Methods like Rosenbaum bounds (for matched designs) and the E-value (for general settings) quantify this. If your result would be overturned by a confounder with a risk ratio of 1.2, you should be worried. If it would take a confounder with a risk ratio of 5, you can be more confident.
Always report sensitivity analysis alongside your point estimate. It transforms the conversation from "Is the estimate unbiased?" (unknowable) to "How much bias would be needed to invalidate it?" (quantifiable).
Practical Workflow for Product Analysts
- Define the causal question precisely. What is the treatment? What is the outcome? What is the population?
- Draw a DAG. Make your assumptions explicit before touching data.
- Assess data structure. What does the assignment mechanism look like? Is there a threshold, instrument, or natural comparison group?
- Choose the method that matches your structure. Do not force a method onto data that does not support it.
- Check assumptions. Balance tests, placebo checks, parallel trend diagnostics, falsification tests.
- Run sensitivity analysis. Report how robust your estimate is to violations of key assumptions.

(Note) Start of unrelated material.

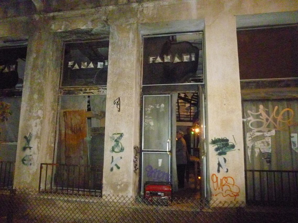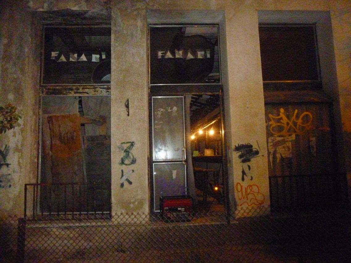 Το μπαρ με τα ποτά σκονισμένα από το 1986, ο τιμοκατάλογος με τις τιμές σε δραχμές, μια αφίσα που είχε μείνει από τότε, η ζωγραφιά με τον κόκορα στις τουαλέτες και οι αυγοθήκες στην κατεστραμμένη οροφή, ζωντάνεψαν μνήμες με μουσική και διασκέδαση, σε κάτι πρωτοποριακό για την πόλη εκείνη την εποχή. Τα τραπεζάκια - ραπτομηχανές δεν υπήρχαν, γιατί όπως μας είπε ο Ανδρ. Βακαλόπουλος τα μάζεψε, γιατί είχαν αρχίσει να μπαίνουν στον εγκαταλειμμένο χώρο και να τα κλέβουν. Ο ιδιοκτήτης μαζί με τον Παύλο Γκρέκη που μπήκε στην μπάρα, βρήκαν βιβλίο εσόδων κι εξόδων και τα αναδευτήρια, τα πλαστικά με τις ανθρώπινες φιγούρες που οι πελάτες ανακάτευαν το ποτό. Ο Ανδρ. Βακαλόπουλος θυμήθηκε στιγμές από τη λειτουργία του "Φαναριού", το προσωπικό που εργάστηκε, τις αυγοθήκες στην οροφή που μπήκαν για ντεκόρ κι έκαναν την καλύτερη ηχομόνωση, τον ιδιοκτήτη του ακινήτου και τον Κωστάκη το Μάλαμα, που του έφερνε και του πωλούσε τσιγάρα με απόδειξη.

- Communicate uncertainty. A range of plausible effects is more honest and more useful than a single point estimate.
Where to Go Next
This pillar post gives you the map. The supporting posts in this cluster give you the details:
- Propensity Score Matching: balancing groups without randomization
- Instrumental Variables: finding natural experiments in product data
- Regression Discontinuity: when thresholds create experiments
- Difference-in-Differences and Synthetic Control: building counterfactuals for geo tests
- Confounding: the variable that breaks everything
- DAGs for Analysts: drawing assumptions before analyzing
- Mediation Analysis: understanding causal mechanisms
- Double/Debiased ML: flexible causal estimation with machine learning
Causal inference is harder than experimentation. But when an experiment is not an option, these methods -- applied with care, skepticism, and transparency -- are the best tools available.
References
- https://www.hsph.harvard.edu/miguel-hernan/causal-inference-book/
- https://mixtape.scunning.com/
- https://matheusfacure.github.io/python-causality-handbook/
Frequently Asked Questions
When should I use causal inference instead of an A/B test?
Which causal inference method should I use?
How do I know if my causal estimate is valid?
Key Takeaway
Causal inference methods let you estimate cause-and-effect from observational data when experiments are impossible, but each method comes with assumptions that must be defended, not just assumed. The best analysts match the method to the data structure and rigorously test those assumptions.